A controversial second base call ripped momentum away from the Michigan baseball team. Sarah Boeke/Daily. Buy this photo.

The Michigan baseball team’s miraculous postseason run is over — and it ended on a sour note.

After a controversial call at second base kept the eighth inning alive, Louisville reclaimed the lead and soon after won the game.

With two outs in the bottom of the eighth inning, junior right-hander Cameron Weston stood on the mound, closely guarding a two run lead. On the weekend, Weston tossed seven scoreless innings in relief, a true clutch factor for the Wolverines.

But the batter at the plate — Cardinals’ designated hitter Jack Payton — smacked the ball into left field and sprinted around the bases. As he approached second base, the cutoff throw from senior shortstop Riley Bertram found the glove of junior second baseman Ted Burton and he swiped at Payton as he slid into the bag head first. 

The umpire called him safe on the bang-bang play, and all of Jim Patterson Stadium waited with bated breath as the long review process played out. 

The call stood. 

With this new life, the Cardinals rallied. And after seeing their momentum hit a brick wall, a deflated Michigan could only watch. The next Louisville batter brought Payton and another baserunner home to tie the game. Then a game-winning two-run homer gave Louisville the lead.

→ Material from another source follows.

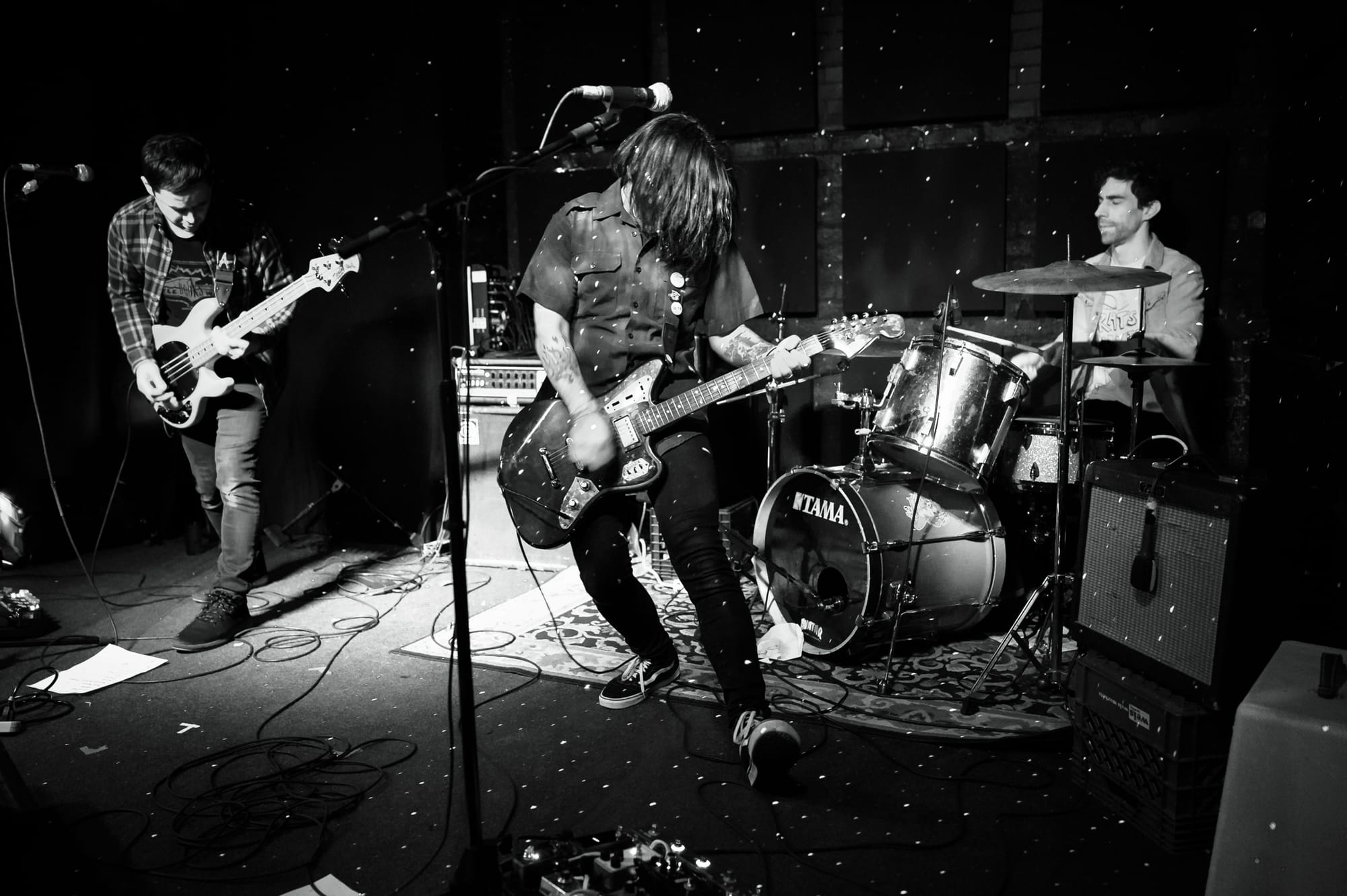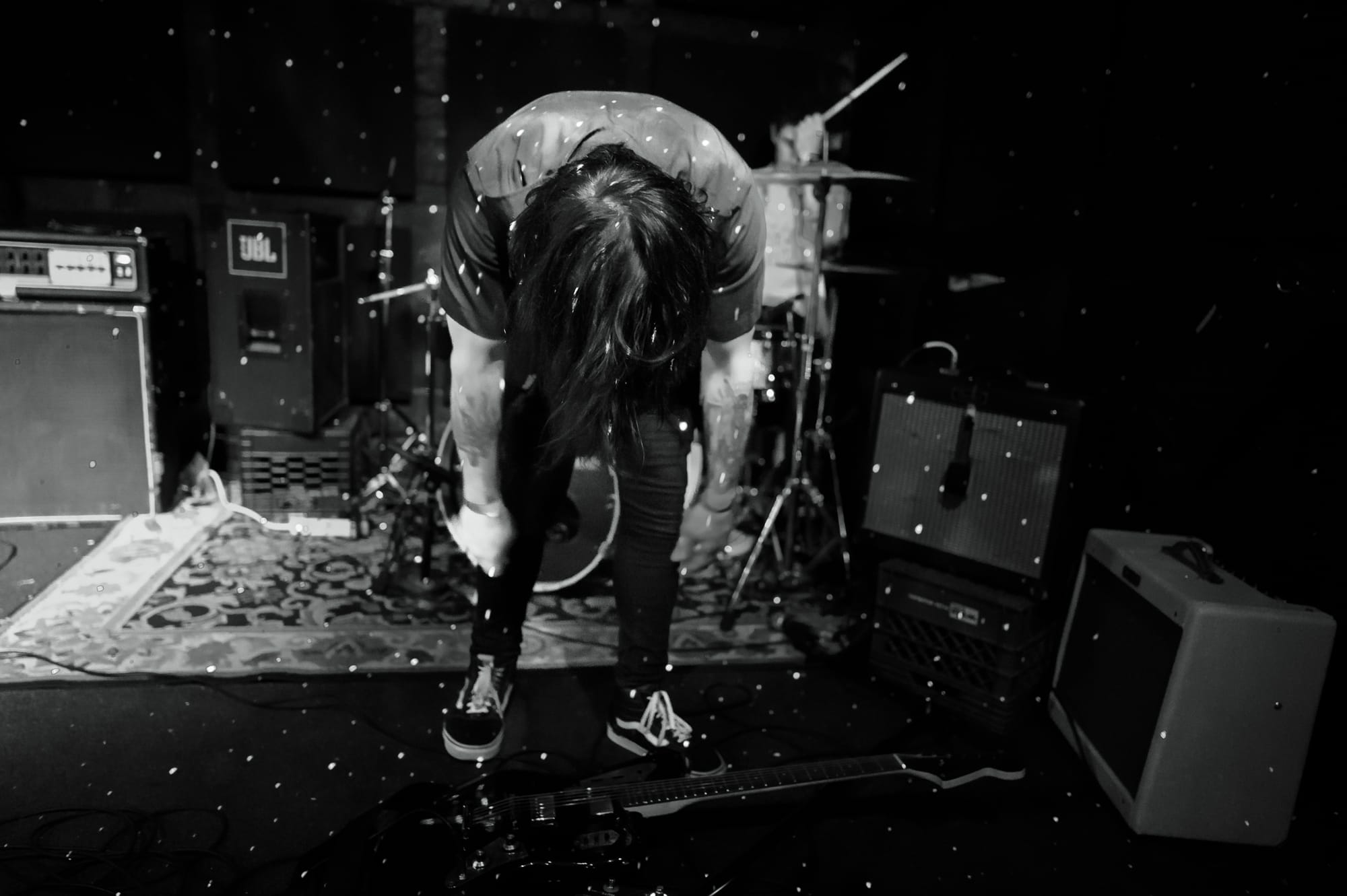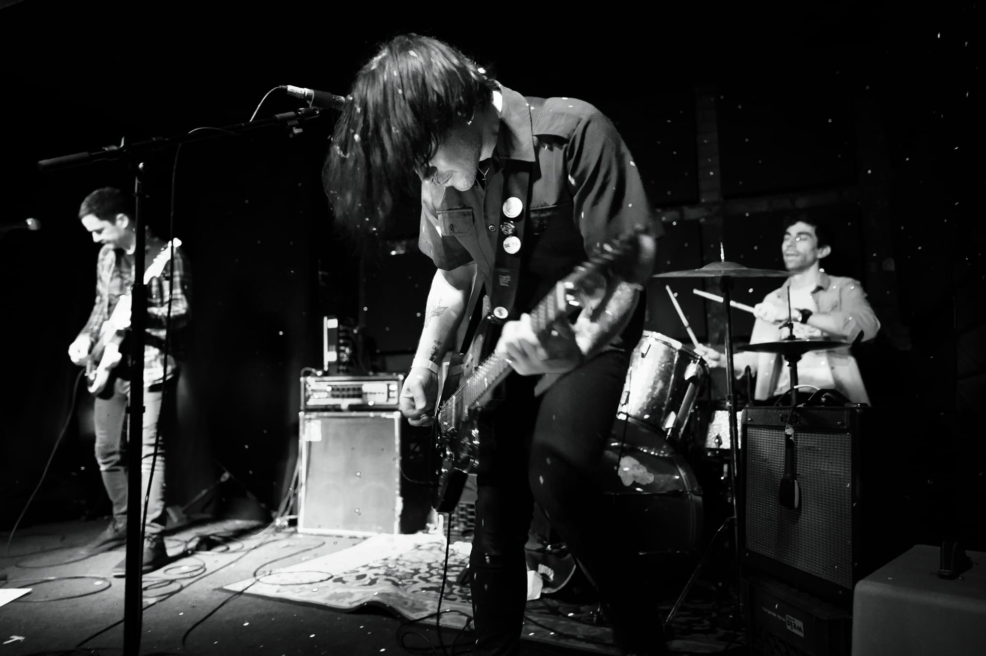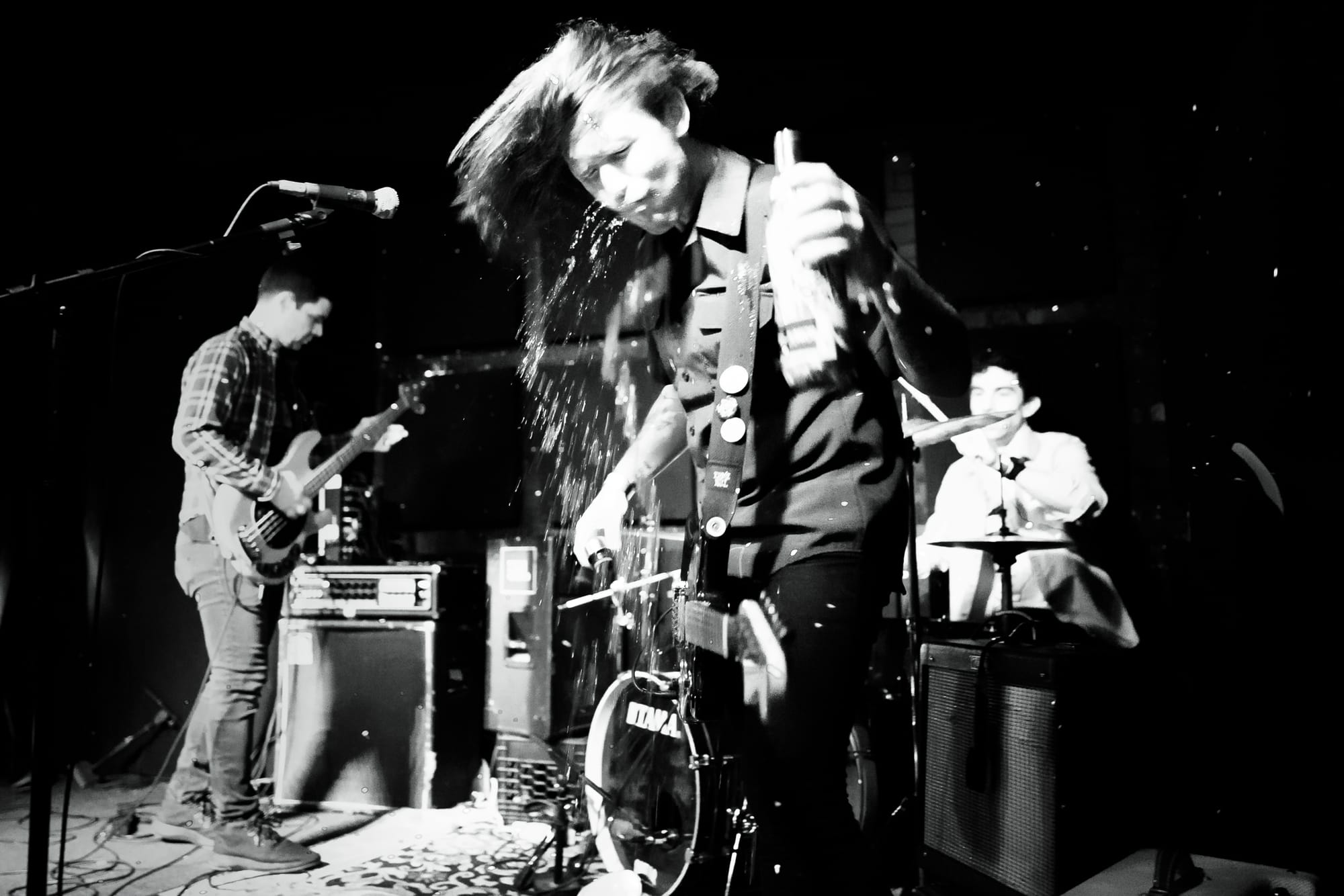 "It's like nihilism and rhinoceros," Mikey tells the crowd. About a hundred Brooklyn rockers finally come outside after a long lockdown. Little pink rhino-shaped soaps are for sale in the back.

“Had he called him out and Louisville reviewed it the call probably would have stood,” Michigan coach Erik Bakich said. “He called him safe … the rule is very clear it has to be conclusive evidence to over turn.”

However what the replay showed was clear: The runner was out.

While I can understand close calls being hard to overturn, the video was a clear case.

Burton’s glove could be clearly seen bouncing off of Payton’s hand, catching Payton’s fingers and tipping them up. His fingers were clearly not on the bag as the glove made contact. 

That’s an out. The inning should have been over.

That type of blown call is disruptive at the best of times, but in the postseason it can be — and in this instance almost certainly was — season altering.

The Louisville Regional was a tale of momentum. In the first two days, the Wolverines rode their Big Ten Championship energy to upset wins over Oregon and the Cardinals. And on Sunday, Louisville capitalized on its own win over the Ducks with a 20-1 evisceration of Michigan — forcing Monday’s tiebreaker. 

And coming out of a weather delay in Monday’s game, the Wolverines seized their own momentum. They overcame a four-run deficit with a six-run stretch in the fifth and sixth innings

“We regrouped during that break,” junior catcher Jimmy Obertop said. “We knew we would be able to come back.”

Winning teams create and capitalize on momentum shifts. It is how Michigan managed to make it as far as it did into the postseason.

Louisville certainly capitalized off of the eighth-inning momentum shift well, and undoubtedly earned the win. However, it did not reclaim the momentum on its own and that soured the game’s result.

If the call had been properly overturned then the Wolverines would have entered the ninth inning up two runs and with momentum on their side. Whether or not the Cardinals could have still found an energy shift on their own will never be answered.

“It sucks the way it ended,” Bakich said. “But congratulations to Louisville, they’ve got a great team.”

Michigan had a tumultuous season. It struggled to find its identity and live up to its potential, but it hit its stride and found a little magic in the postseason.

Now, that run’s dissonant final note — kickstarted in part by a poor review call — makes that magic a little harder to appreciate.